Data listing —
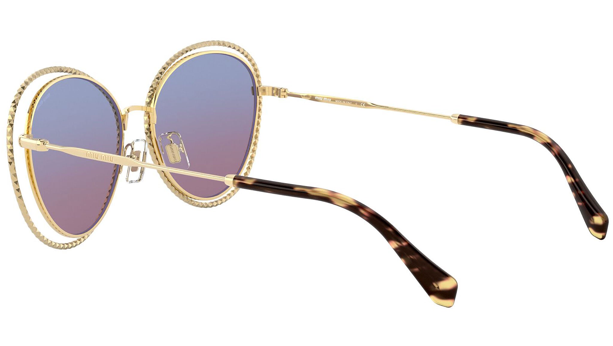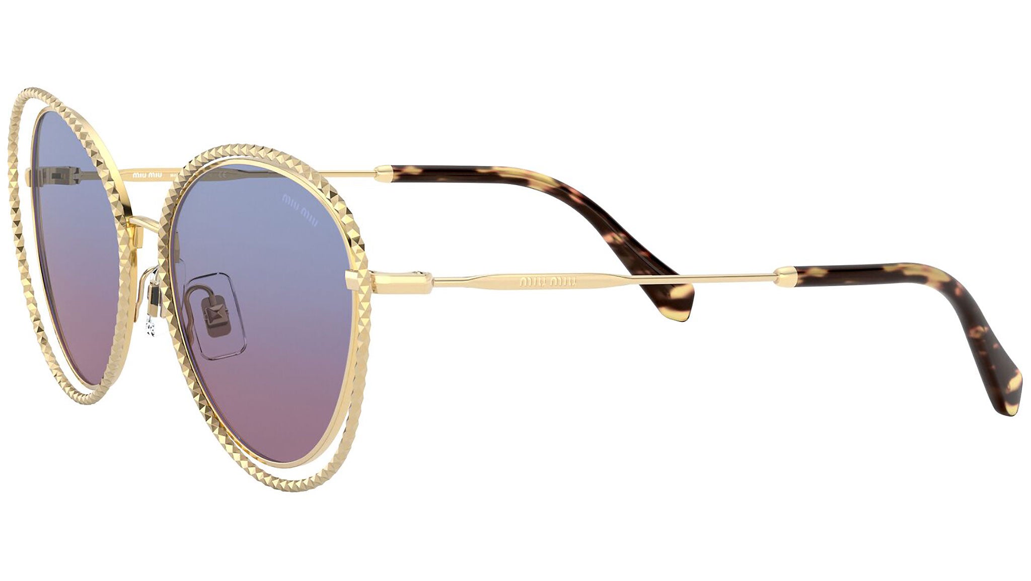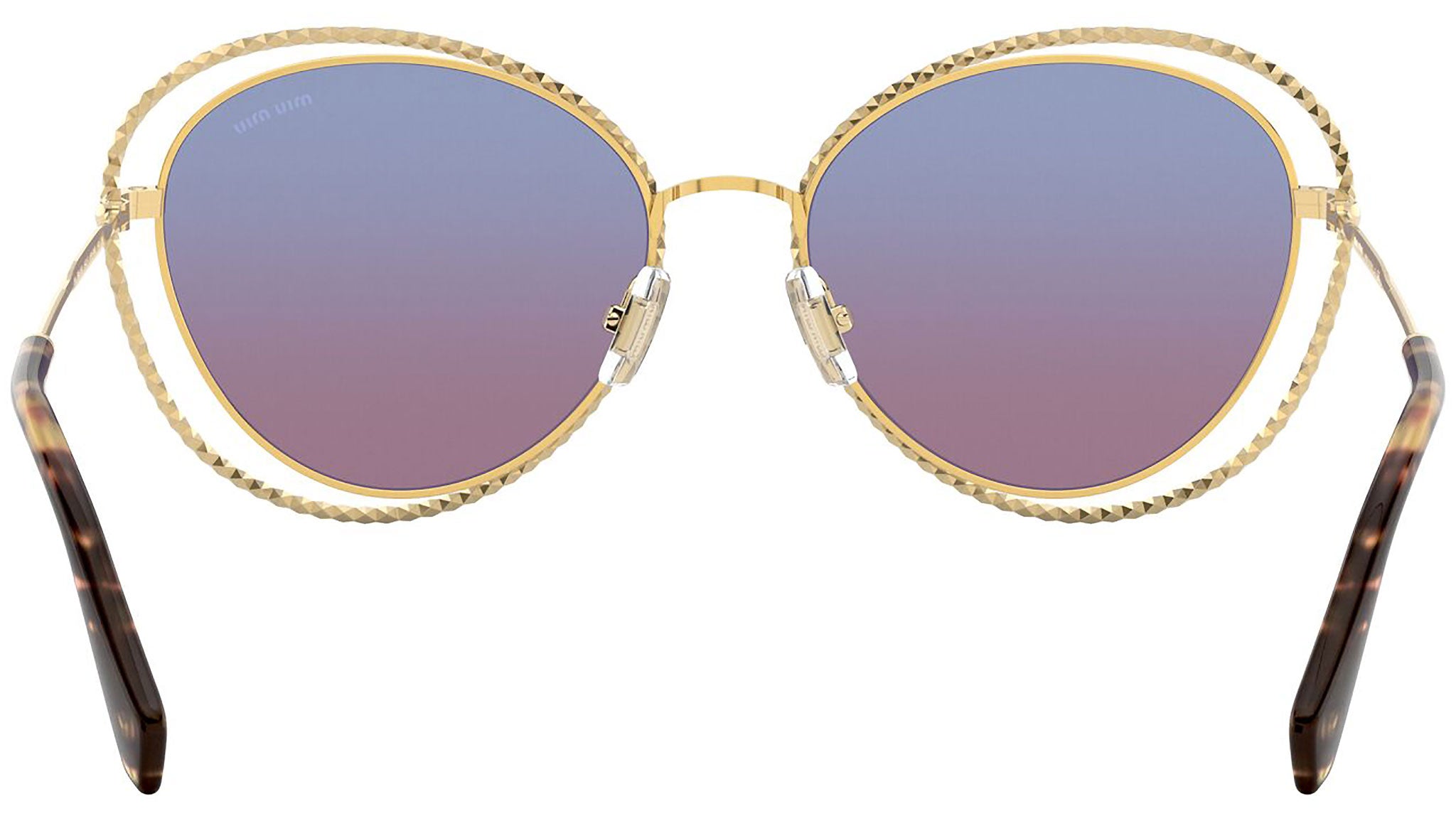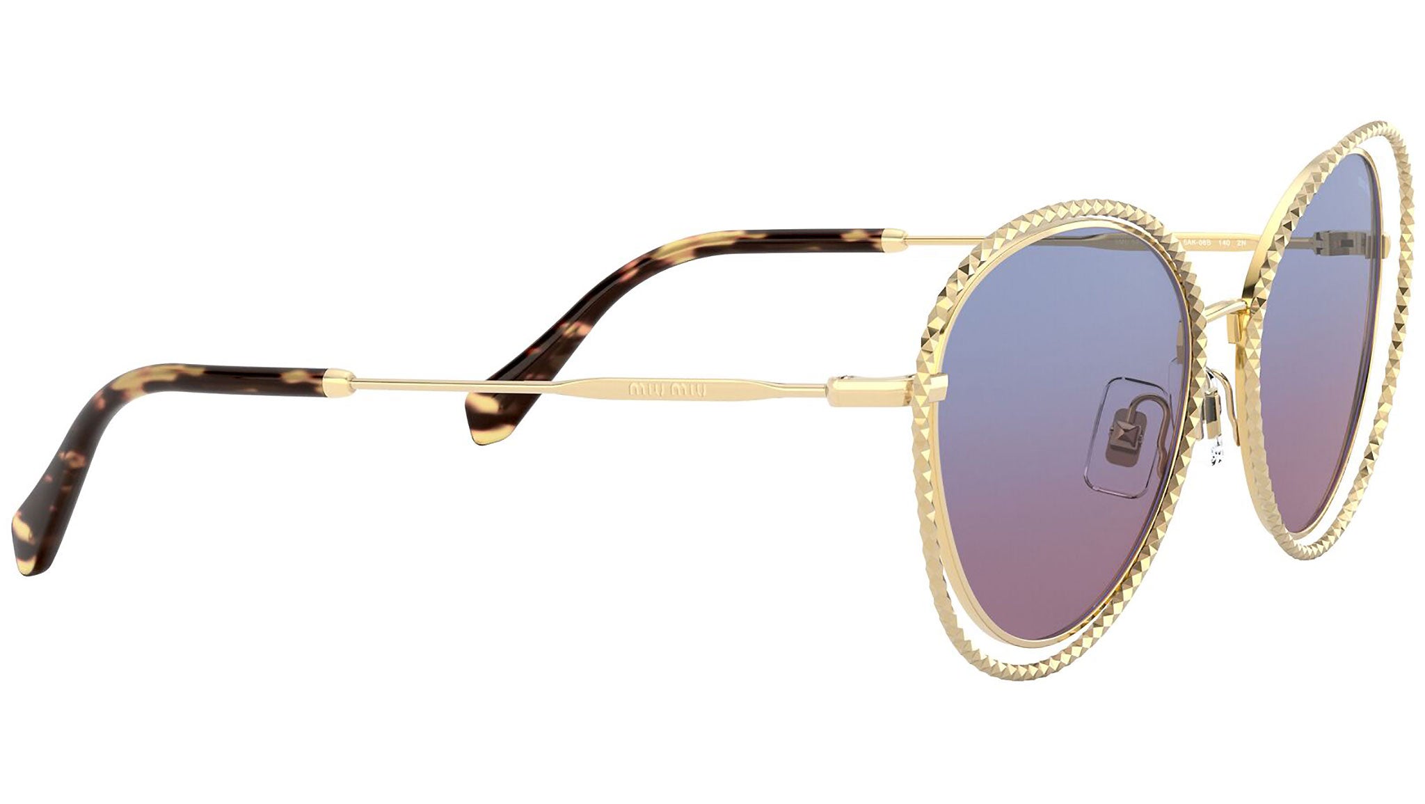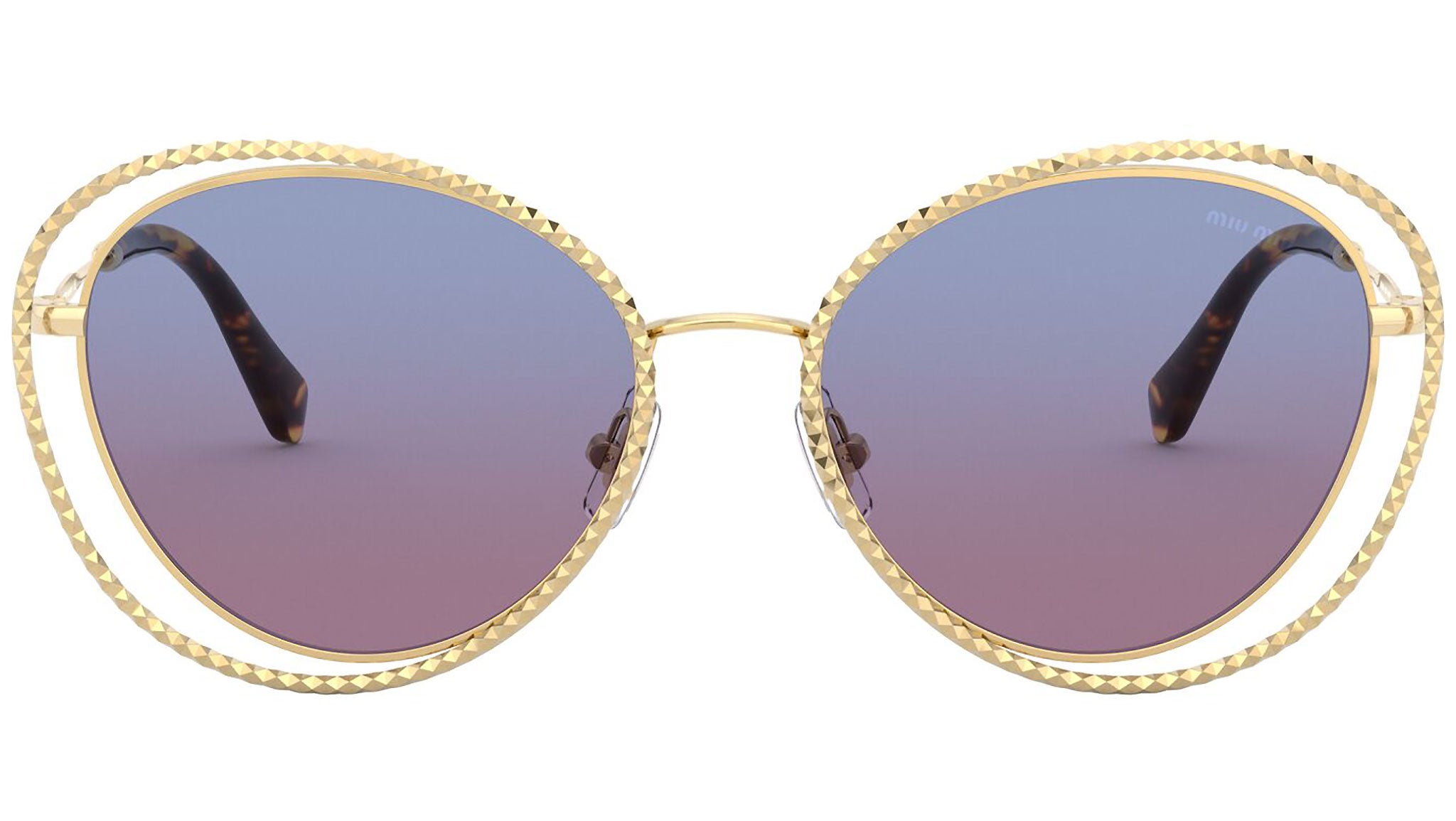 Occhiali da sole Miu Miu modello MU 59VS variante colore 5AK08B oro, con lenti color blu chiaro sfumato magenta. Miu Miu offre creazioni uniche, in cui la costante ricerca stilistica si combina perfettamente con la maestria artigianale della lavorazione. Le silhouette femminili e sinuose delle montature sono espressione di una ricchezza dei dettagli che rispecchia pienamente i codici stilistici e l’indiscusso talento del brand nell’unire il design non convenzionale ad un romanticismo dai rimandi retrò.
--
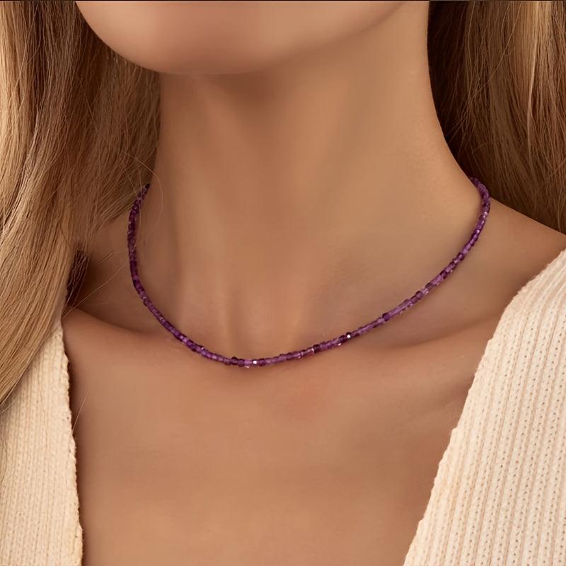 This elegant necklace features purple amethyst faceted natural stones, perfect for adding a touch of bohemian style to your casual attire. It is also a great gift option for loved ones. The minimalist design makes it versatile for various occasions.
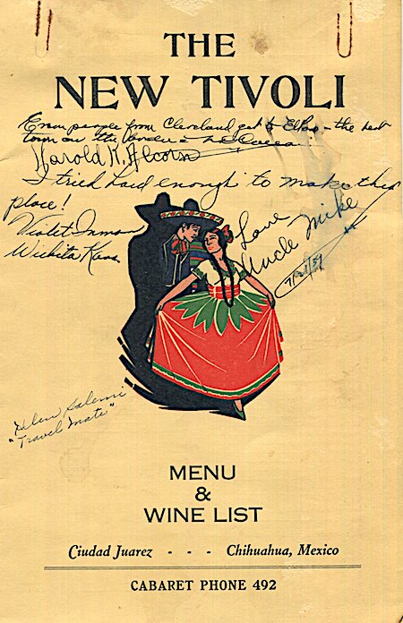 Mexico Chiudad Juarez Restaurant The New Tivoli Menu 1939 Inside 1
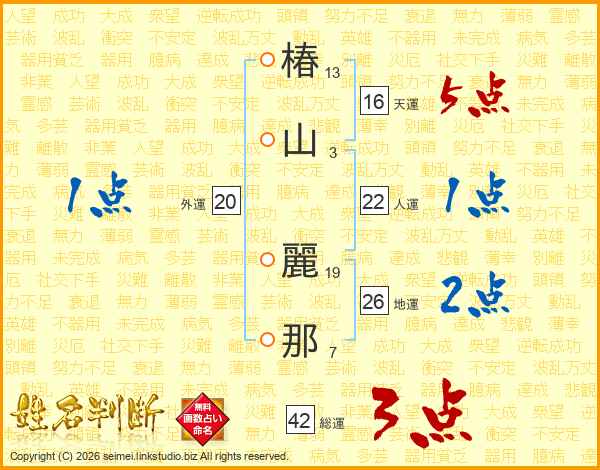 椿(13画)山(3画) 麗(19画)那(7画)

Aim of the exercise — Using the data above, return the lines from the one holding "Mexico Chiudad Juarez" through the one holding "椿(13画)山(3画) 麗(19画)那(7画)" exactly, but not the pictures.

Written answer —
 Mexico Chiudad Juarez Restaurant The New Tivoli Menu 1939 Inside 1
 椿(13画)山(3画) 麗(19画)那(7画)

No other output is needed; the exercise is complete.